▸ What needs to be done
Pictures must be left out. Print the lines from the beginning of the material through the line holding "この波模様のお皿がまたお造りにあまりにぴたりと合っていて、ほんとよいです。", exactly and nothing else.

▸ Data provided
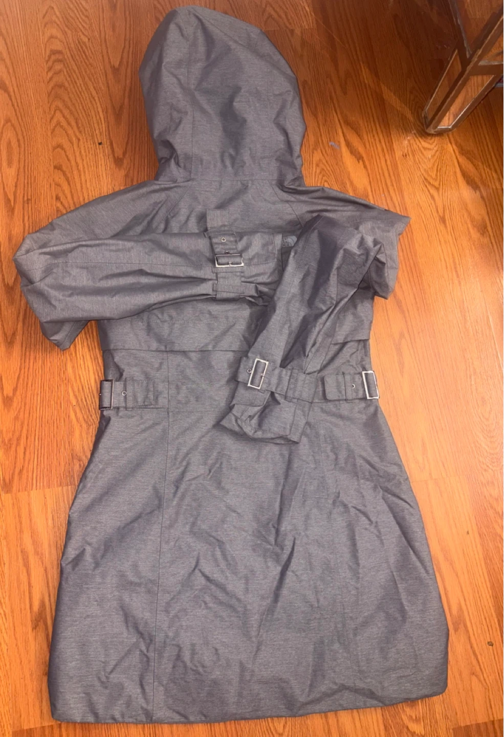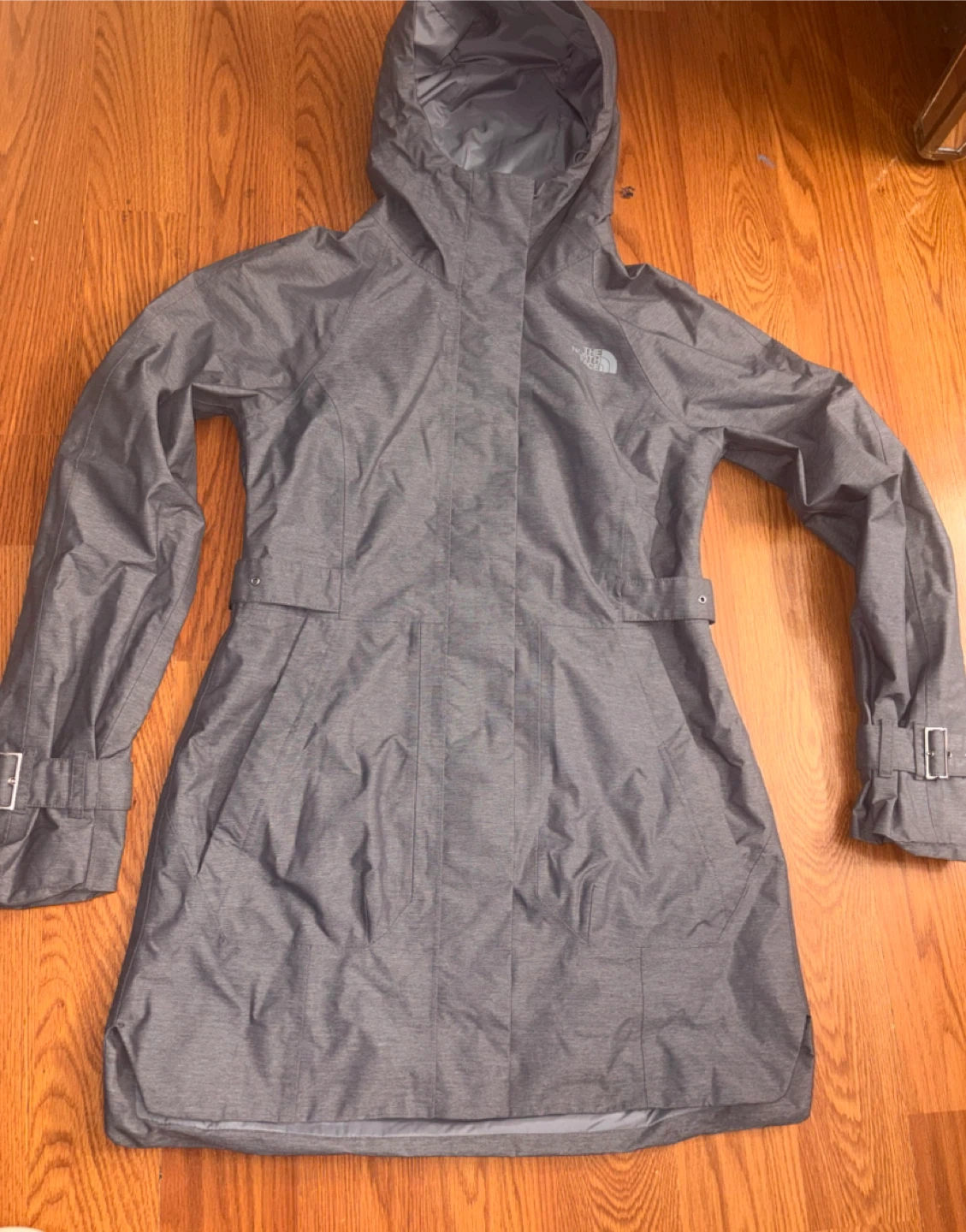 Selling a The North Face women's rain jacket in size XS. It is in good condition and perfect for rainy days. The jacket features a hood and a belted design. Size runs big
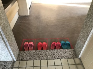1月9日(火) 1時間目の授業を見て回っているとき、トイレのスリッパを撮影しました。何の予告もしていなかったのですが、5つのトイレが見事に並んでいました。紹介します。
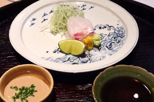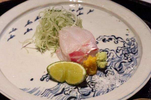この波模様のお皿がまたお造りにあまりにぴたりと合っていて、ほんとよいです。
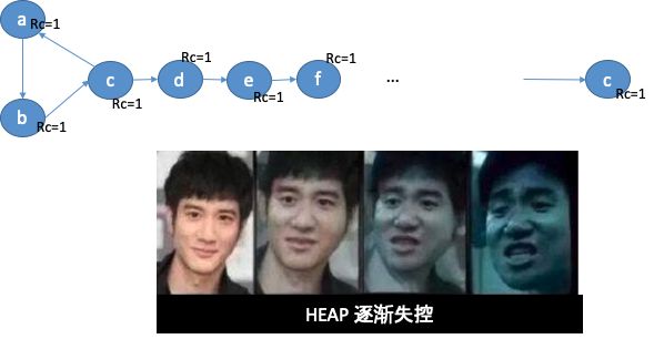 单单一个环,带了一个长长的小尾巴,导致整个链上的所有对象无法回收,Heap内存逐渐失控,最终出现OOM异常,系统崩,代码卒。那么如何处理这个循环引用的问题呢?

▸ Answer to the problem
 Selling a The North Face women's rain jacket in size XS. It is in good condition and perfect for rainy days. The jacket features a hood and a belted design. Size runs big
1月9日(火) 1時間目の授業を見て回っているとき、トイレのスリッパを撮影しました。何の予告もしていなかったのですが、5つのトイレが見事に並んでいました。紹介します。
この波模様のお皿がまたお造りにあまりにぴたりと合っていて、ほんとよいです。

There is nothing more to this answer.